▶ **Work to complete**
Each line of the material should be set down exactly. Pictures are not part of the copy.

▶ **Given records**
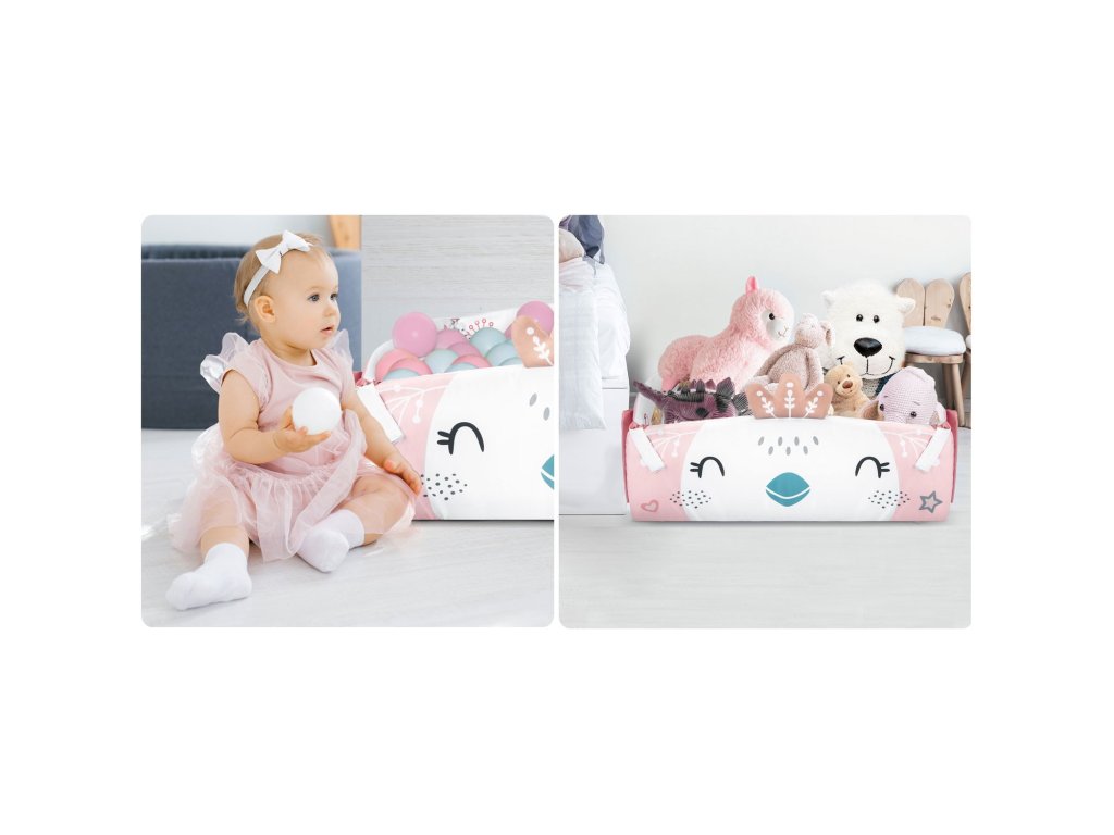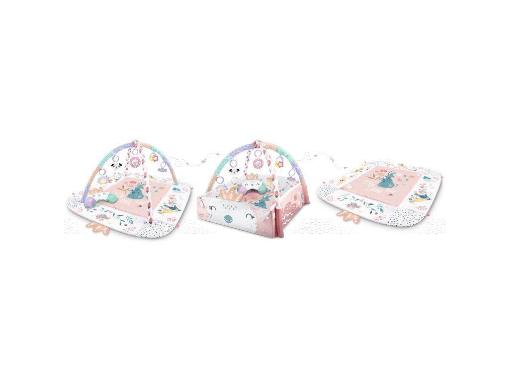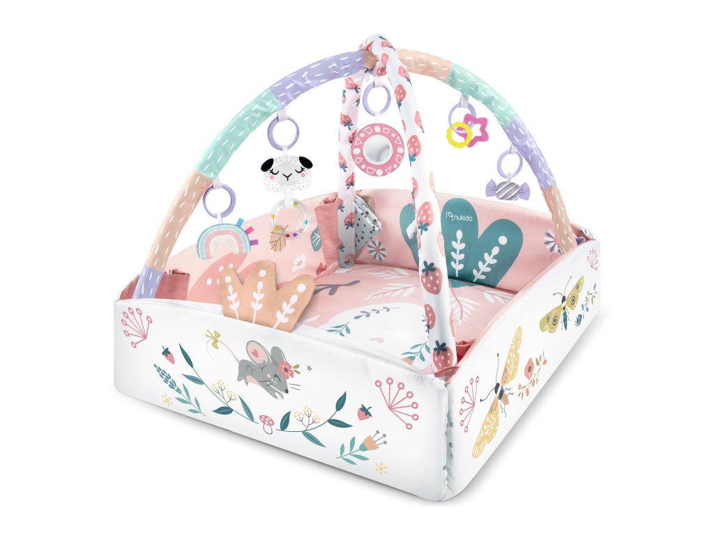 - Komplet vključuje: podlogo, 4 stene, 2 obroča, 7 multifunkcijskih igrač, blazino,
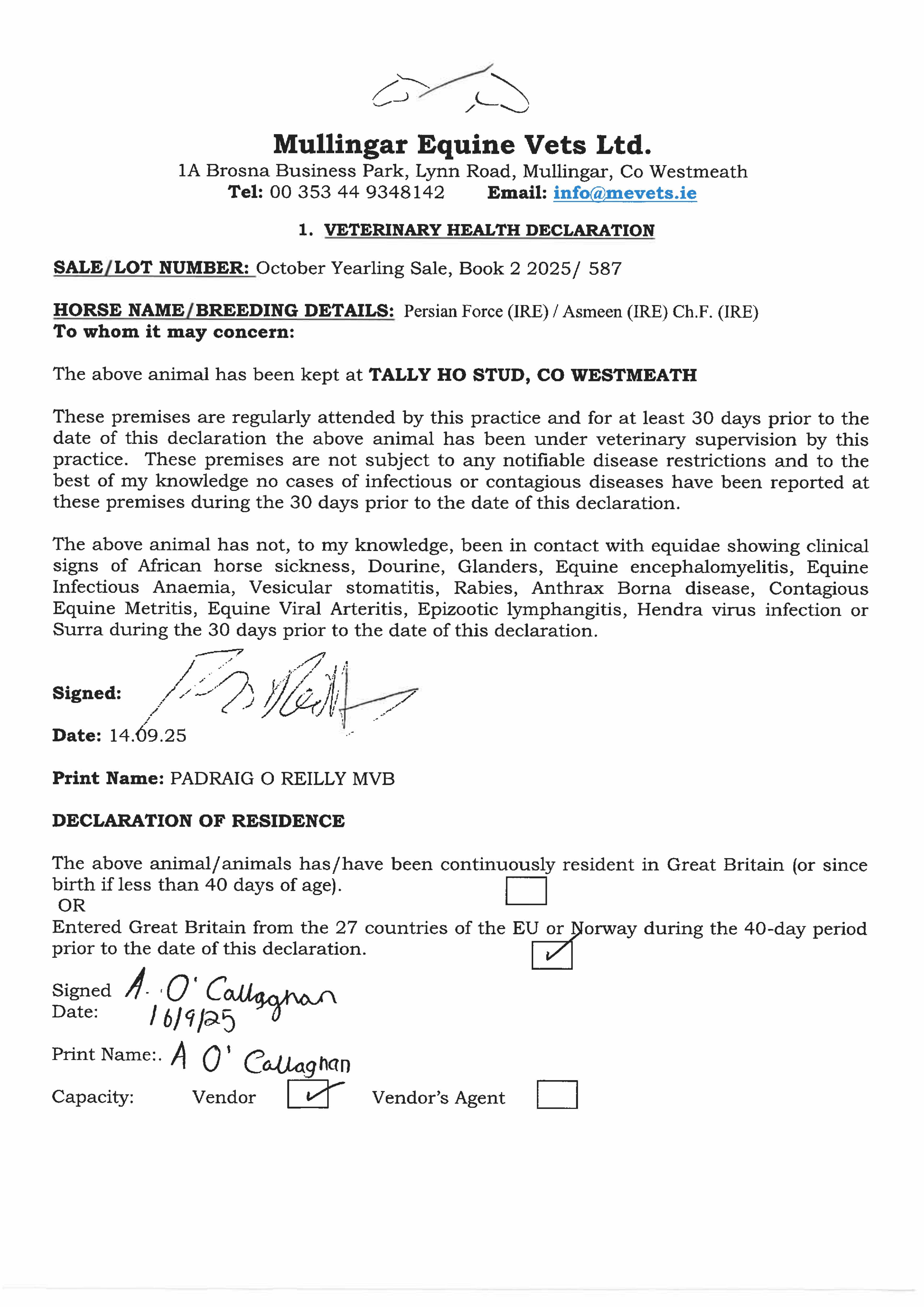 Consignor: Tally-Ho Stud, Ireland
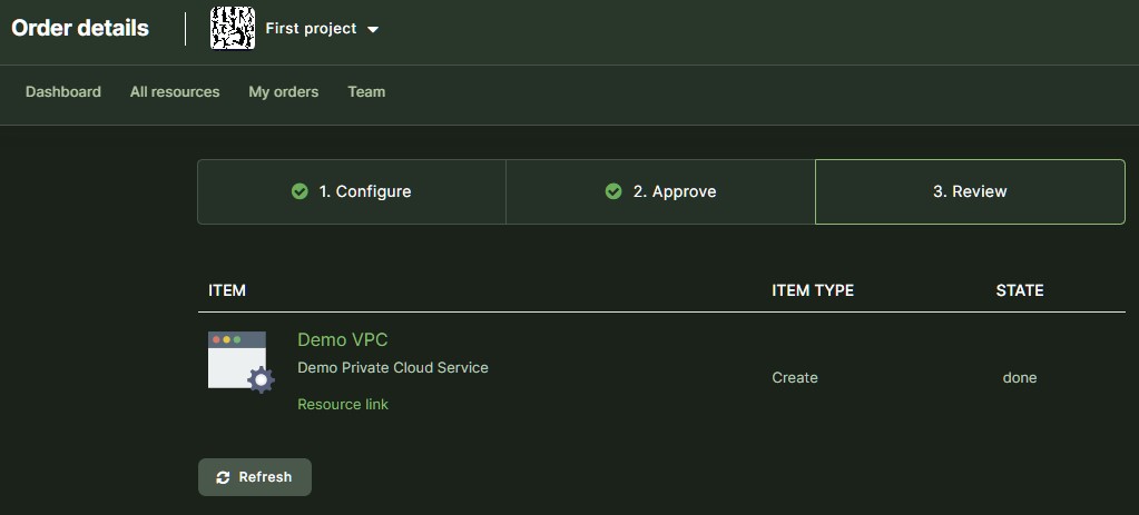 b) If your role is ´Organization Owner´ you are able to complete the purchase to final approval (click the ´Purchase´ button). Hereafter the system will need a couple of minutes to execute the order. Once the system changes the state to ´Done´, your VPC is ready to use.
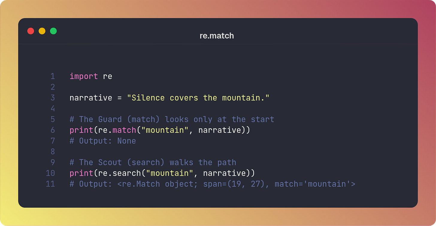 A common misconception is that re.match() scans the entire string. In reality, it is implicitly anchored to the start of the string (effectively adding a \A or ^ anchor). If you want to find a pattern anywhere in the input, use re.search() instead.
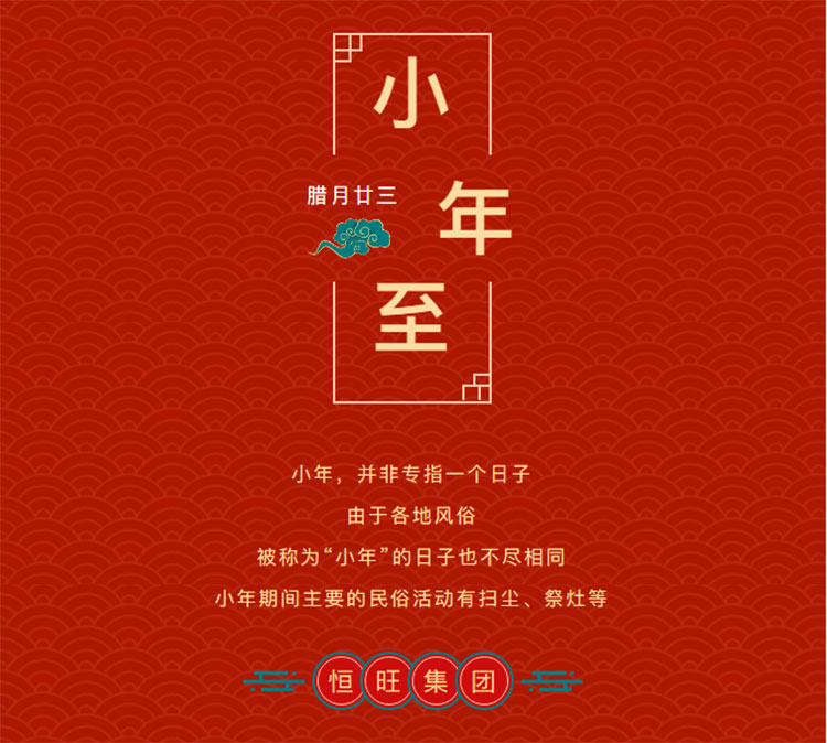 恒旺集團攜全體員工恭祝全國人民:小年快樂、身體健康、財運旺盛、闔家幸福、萬事如意、心想事成!

▶ **Output of the exercise**
 - Komplet vključuje: podlogo, 4 stene, 2 obroča, 7 multifunkcijskih igrač, blazino,
 Consignor: Tally-Ho Stud, Ireland
 b) If your role is ´Organization Owner´ you are able to complete the purchase to final approval (click the ´Purchase´ button). Hereafter the system will need a couple of minutes to execute the order. Once the system changes the state to ´Done´, your VPC is ready to use.
 A common misconception is that re.match() scans the entire string. In reality, it is implicitly anchored to the start of the string (effectively adding a \A or ^ anchor). If you want to find a pattern anywhere in the input, use re.search() instead.
 恒旺集團攜全體員工恭祝全國人民:小年快樂、身體健康、財運旺盛、闔家幸福、萬事如意、心想事成!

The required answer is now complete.